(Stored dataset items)

################

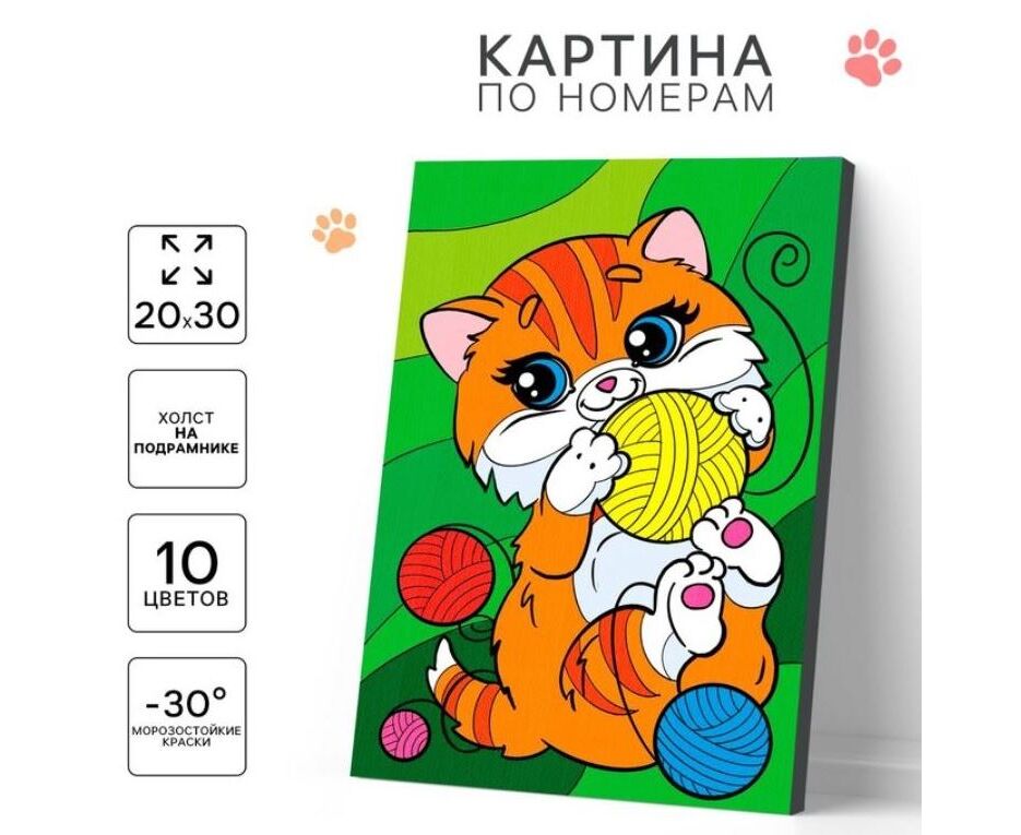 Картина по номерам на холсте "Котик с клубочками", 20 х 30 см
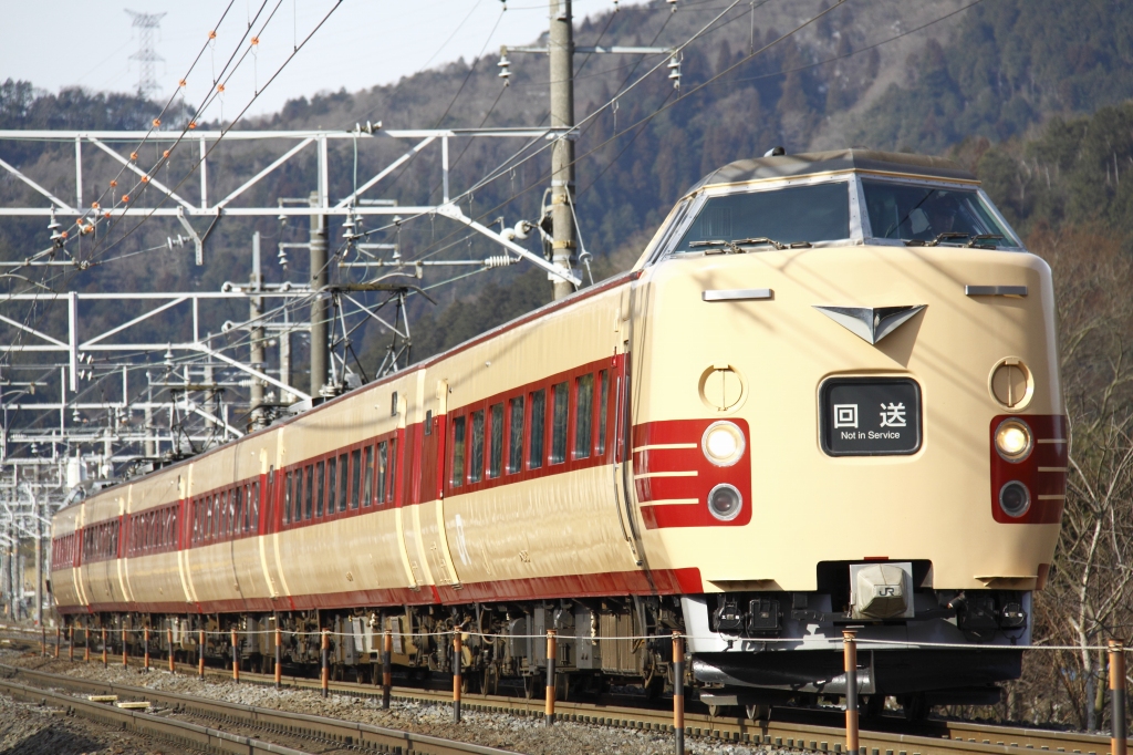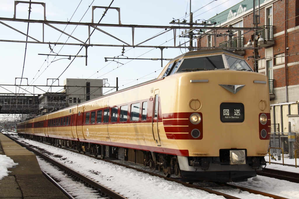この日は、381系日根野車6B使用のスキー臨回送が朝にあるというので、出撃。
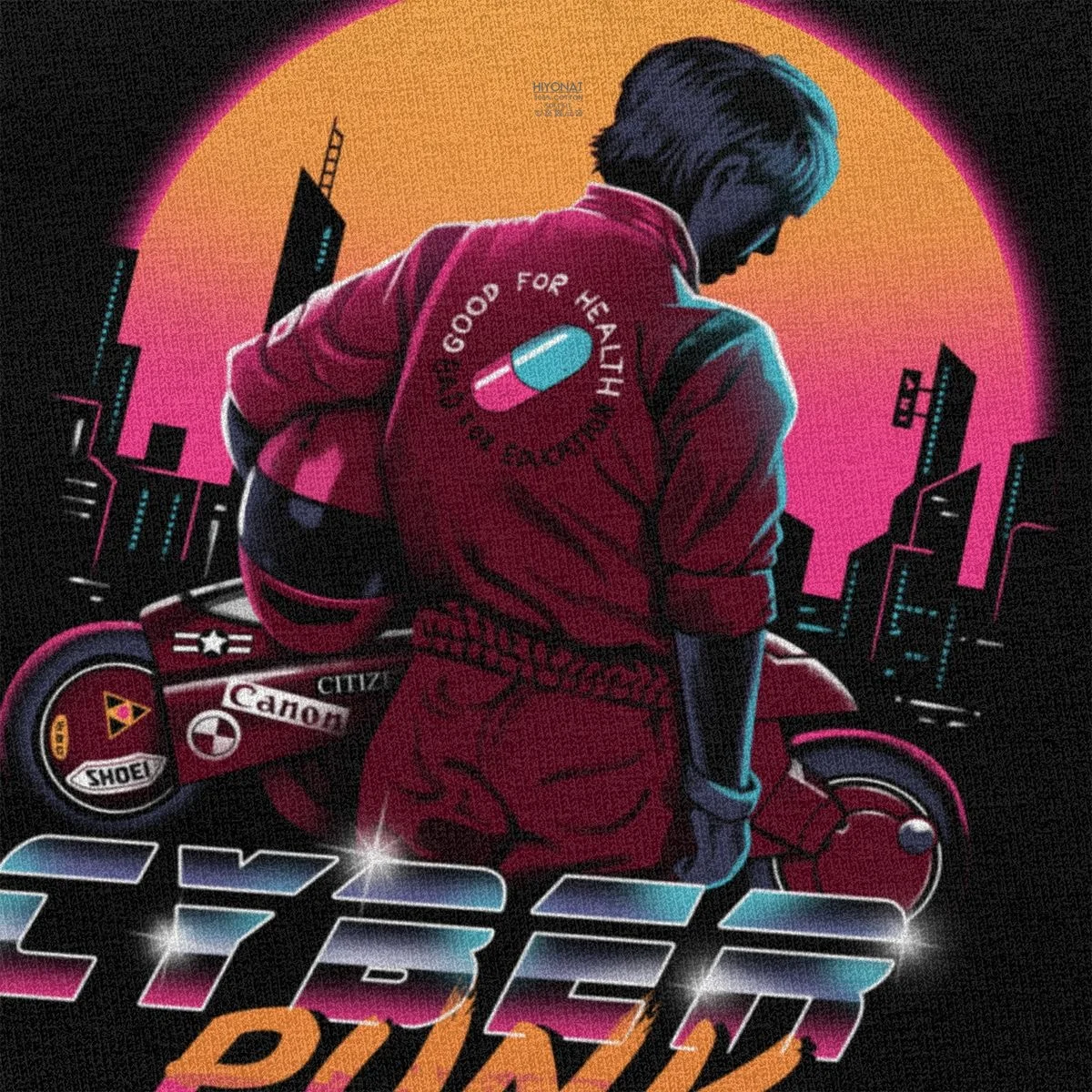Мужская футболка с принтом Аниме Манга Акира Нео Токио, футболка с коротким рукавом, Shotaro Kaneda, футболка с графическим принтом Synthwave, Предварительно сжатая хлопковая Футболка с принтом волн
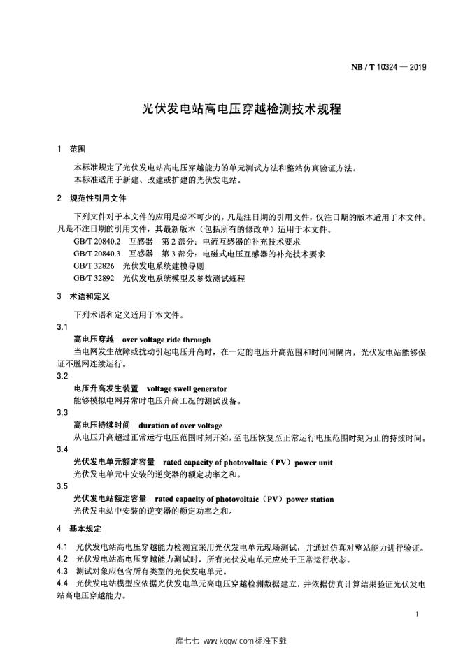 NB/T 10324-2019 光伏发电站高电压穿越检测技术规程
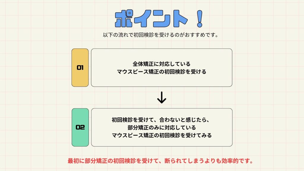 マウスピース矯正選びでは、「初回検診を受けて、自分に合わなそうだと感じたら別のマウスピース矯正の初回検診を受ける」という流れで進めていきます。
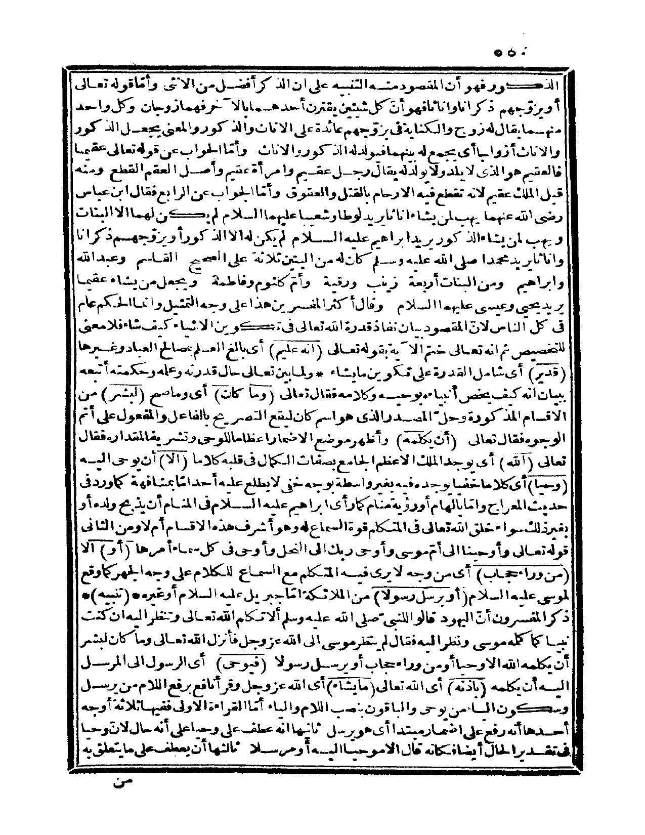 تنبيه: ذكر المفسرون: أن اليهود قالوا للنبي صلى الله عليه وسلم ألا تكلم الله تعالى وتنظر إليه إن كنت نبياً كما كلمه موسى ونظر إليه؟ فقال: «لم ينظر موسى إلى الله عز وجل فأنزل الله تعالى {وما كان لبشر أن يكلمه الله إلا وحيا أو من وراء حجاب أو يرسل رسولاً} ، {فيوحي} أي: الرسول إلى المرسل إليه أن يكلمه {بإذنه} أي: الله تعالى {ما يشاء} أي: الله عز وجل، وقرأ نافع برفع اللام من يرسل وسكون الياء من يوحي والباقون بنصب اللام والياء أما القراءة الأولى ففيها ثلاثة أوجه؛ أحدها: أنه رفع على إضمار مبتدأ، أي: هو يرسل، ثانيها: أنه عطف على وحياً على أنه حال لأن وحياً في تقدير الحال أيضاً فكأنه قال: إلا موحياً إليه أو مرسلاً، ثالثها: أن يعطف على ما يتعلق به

################

Required action - Leaving out any pictures, write the records above out exactly as they are.

Solution -
 Картина по номерам на холсте "Котик с клубочками", 20 х 30 см
この日は、381系日根野車6B使用のスキー臨回送が朝にあるというので、出撃。
Мужская футболка с принтом Аниме Манга Акира Нео Токио, футболка с коротким рукавом, Shotaro Kaneda, футболка с графическим принтом Synthwave, Предварительно сжатая хлопковая Футболка с принтом волн
 NB/T 10324-2019 光伏发电站高电压穿越检测技术规程
 マウスピース矯正選びでは、「初回検診を受けて、自分に合わなそうだと感じたら別のマウスピース矯正の初回検診を受ける」という流れで進めていきます。
 تنبيه: ذكر المفسرون: أن اليهود قالوا للنبي صلى الله عليه وسلم ألا تكلم الله تعالى وتنظر إليه إن كنت نبياً كما كلمه موسى ونظر إليه؟ فقال: «لم ينظر موسى إلى الله عز وجل فأنزل الله تعالى {وما كان لبشر أن يكلمه الله إلا وحيا أو من وراء حجاب أو يرسل رسولاً} ، {فيوحي} أي: الرسول إلى المرسل إليه أن يكلمه {بإذنه} أي: الله تعالى {ما يشاء} أي: الله عز وجل، وقرأ نافع برفع اللام من يرسل وسكون الياء من يوحي والباقون بنصب اللام والياء أما القراءة الأولى ففيها ثلاثة أوجه؛ أحدها: أنه رفع على إضمار مبتدأ، أي: هو يرسل، ثانيها: أنه عطف على وحياً على أنه حال لأن وحياً في تقدير الحال أيضاً فكأنه قال: إلا موحياً إليه أو مرسلاً، ثالثها: أن يعطف على ما يتعلق به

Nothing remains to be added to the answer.